I have my own standard for evaluating a company's true commitment to social justice. It is this: to what extremes does it go to avoid paying taxes?
Taxation may be unpleasant. Tax dollars are often squandered on idiotic schemes. Paying taxes may reduce a corporation's returns to investors. But taxation is by far the most potent source of resources for societies to redress social ills. Taxation funds education. Taxation funds housing. Taxation funds health initiatives. Taxation funds social services.
There is no way around this -- when corporations take extraordinary measures to avoid paying taxes, they are doing extraordinary harm to citizens who have the greatest need for education, housing, health, and social services. If brands really believe that Black Lives Matter they must stop starving our country of the resources to improve black lives by hiding their taxable profits in offshore tax havens. Like it or not, to a substantial degree, taxation is the engine that funds social justice.

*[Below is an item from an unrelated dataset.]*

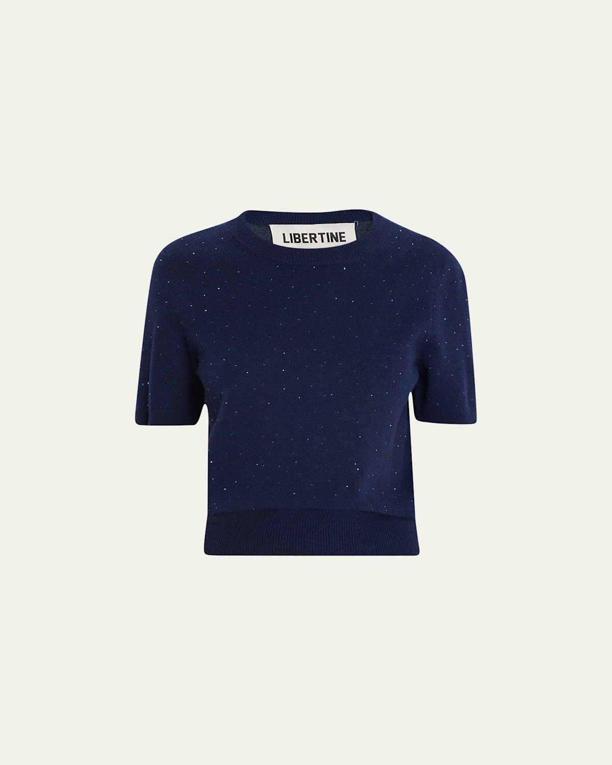 Libertine "Stardust" knit sweater features rhinestone embellished details throughout Approx. 22" from shoulder to hem Crew neckline Short sleeves Ribbed trim Hip length Pullover style Relaxed fit Cashmere Made in USA
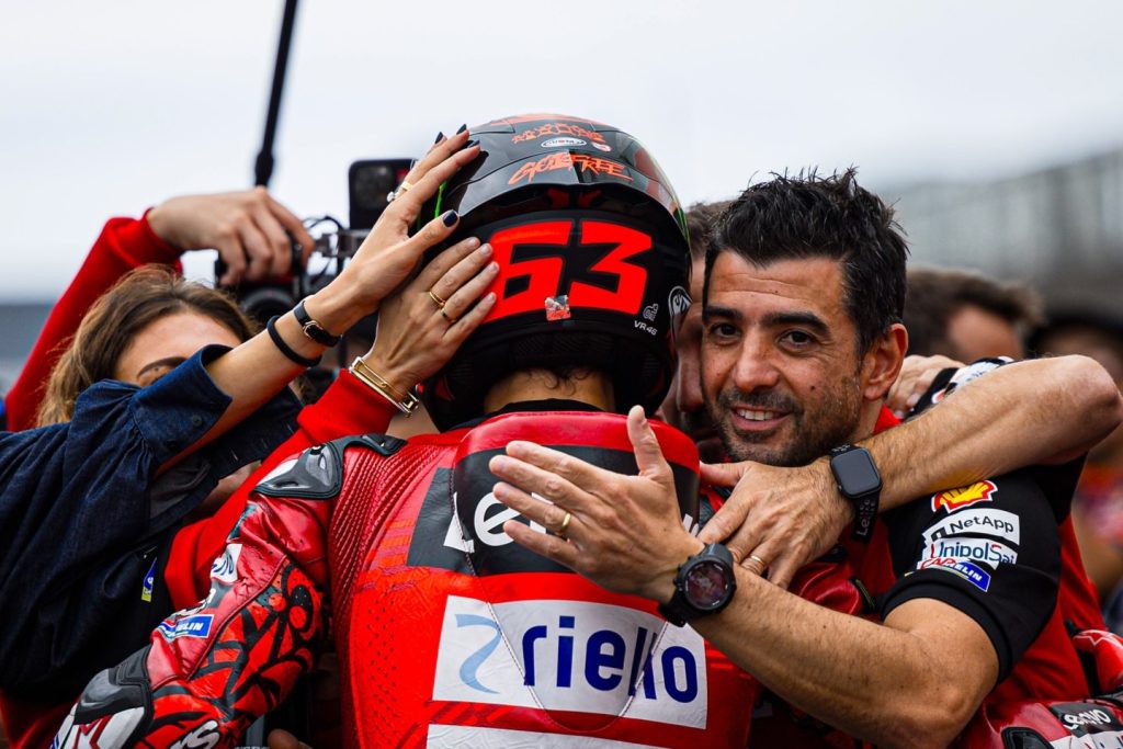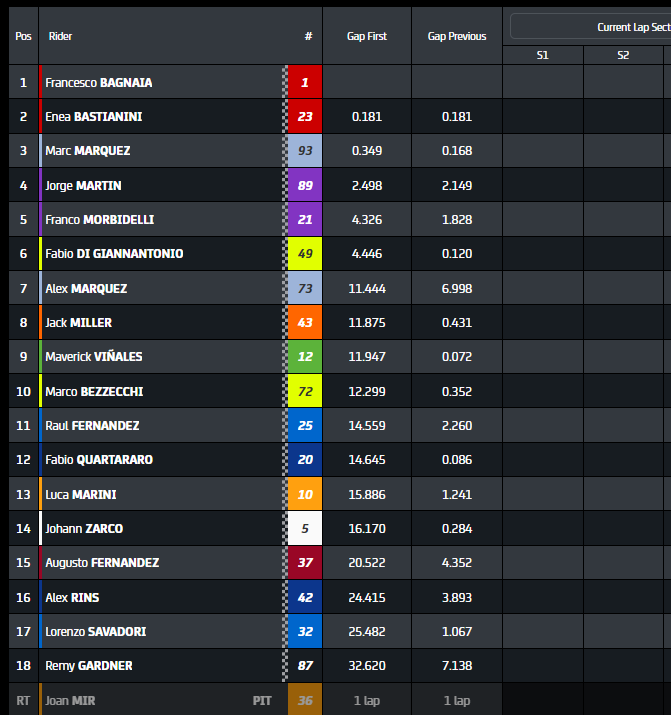 Bagnaia je na začetku dirke sicer povedel, a ga je Acosta prehitel in poskušal pridobiti udobno prednost, pri tem pa padel ter odstopil. V nedeljo ima priložnost popravnega izpita, potem ko je na kvalifikacijah osvojil prvio najboljši štartni položaj v MotoGP, ter tudi uradno postal najboljši novinec letošnje sezone.

There will be those who say that these tax dodges are perfectly legal. In many cases they are. This fact impresses me not one bit. If you're going to use social media or paid media to pound your chest about social justice, you have a higher responsibility than just to obey the letter of the law. There is little honor in being legally compliant and ethically opportunistic.
Dear business colleagues -- if you really want to help heal this country here's step one: Pay your fucking taxes. Until you're willing to do that, please instruct your marketing departments to spare us the high-minded pieties.
Let's make this so simple that even a ceo can understand it: You can't be for social justice and against paying taxes.